The self-selection process was expectedly relatively quiet, given that only those who applied to be candidates were allowed to vote in the in-direct election (Read more on the election process here). Of the 45,000 approved candidates, approximately 3000 finalists met on 26 June to vote on one another. Pro-reform activists had hoped that over one hundred thousand people would compete, but various factors, including the high application fees, may have contributed to falling short of this number. Nevertheless, on 27 June, the Election Commission released a list of 200 senators-elect and 100 substitutes in the case of disqualifications. Beyond one candidate being replaced by a substitute, the preliminary list of senators remained intact and was made official on 10 July.
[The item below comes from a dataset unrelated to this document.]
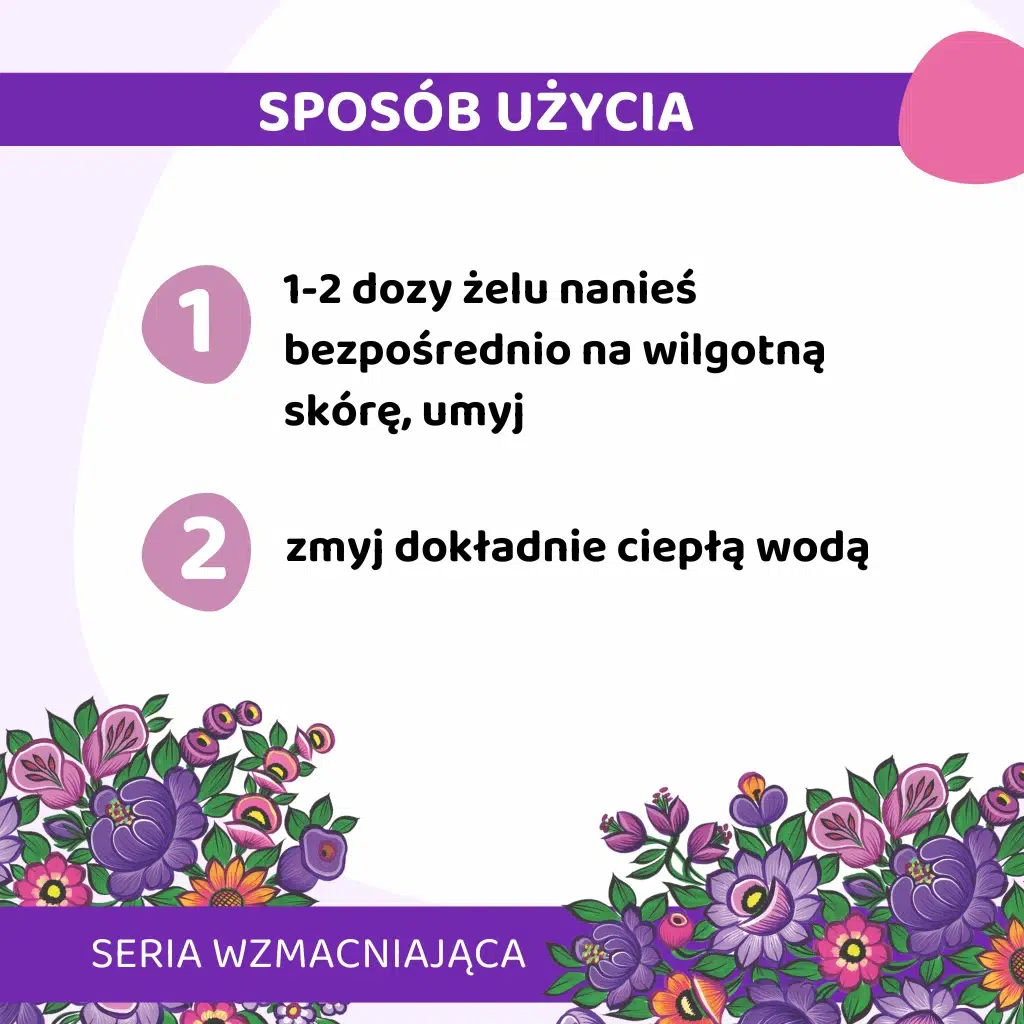 | Sposób użycia | 1-2 dozy żelu nanieś bezpośrednio na wilgotną skórę, omijając okolice oczu, umyj, następnie zmyj dokładnie ciepłą wodą. |

The delay in publishing the official results has raised several concerns. The EC received thousands of complaints about block-vote rigging allegations, fake degrees, and false information provided in certain candidates’ registration documents. Allegations that some candidates were hired to participate in the race and cases of group voting, where candidates diverted their votes to other candidates supported by political groups – called into question the election’s credibility. While investigations are pending, the EC stated that 'at this point, we cannot say the voting was not free and fair.'
Political experts and observers have not shied away from criticizing the election system for its disproportionate representation across provinces. Punchada Sirivunnabood, associate professor of social sciences and humanities at the Mahidol University in Bangkok, points out that ‘'the Senate should ideally be representative of all provinces, but results show that although occupation groups are covered, only around 44 (out of 76) provinces are represented.’' This critique sheds light on the election system's flaws and informs the public about the need for reform. Indeed, as a Thai reformist speaking on condition of anonymity noted, the provisional results ‘'serve as a reminder that the establishment makes the rules and knows how to use [state mechanisms] to achieve their ends.’' In other words, an overly complicated system to select senators might be working as intended.
Who are the big winners?
It’s difficult to say for sure whether pro-reform or conservative candidates won more seats, given the rule that candidates cannot hold political positions or be backed by political parties. However, political analysts have assessed that most incoming senators align with conservative interests. According to the Election Commission’s preliminary results, more than half of the elected senators are tied to the Bhumajaithai Party (BJT). This conservative and populist group is the third-largest party in the lower house and partners in the Pheu-Thai-led ruling coalition. Buri Ram in Northeastern Thailand, a stronghold province for BJT, saw the most senators (14) elected, while at least 80 elected senators come from twelve provinces where BJT has Members of Parliament. Other significant figures include former army generals, civil servants and police officers as well as a few academics and human rights activists.
What next for Thailand’s politics?
Two potential scenarios could unfold over the next five years. The most likely scenario suggests minimal change, with the 'old guard' simply adopting a new vehicle to maintain their influence over the Senate. Constitutional amendments are still on the table; however, political analysts note that significant legal changes like changing the senate voting system and amending the lese majeste law are unlikely under a BJT-dominated senate. However, a more positive second scenario might see those local leaders and senators-elect with diverse backgrounds driving positive change that centres around the communities and ordinary people they serve. Coupled with sufficient external pressure, these leaders might align themselves more with public demands, offering a glimmer of hope for Thailand's democratic future.
Disclaimer: Opinions expressed in this commentary are those of the authors and do not necessarily represent the institutional position of International IDEA, its Board of Advisers or its Council of Member States.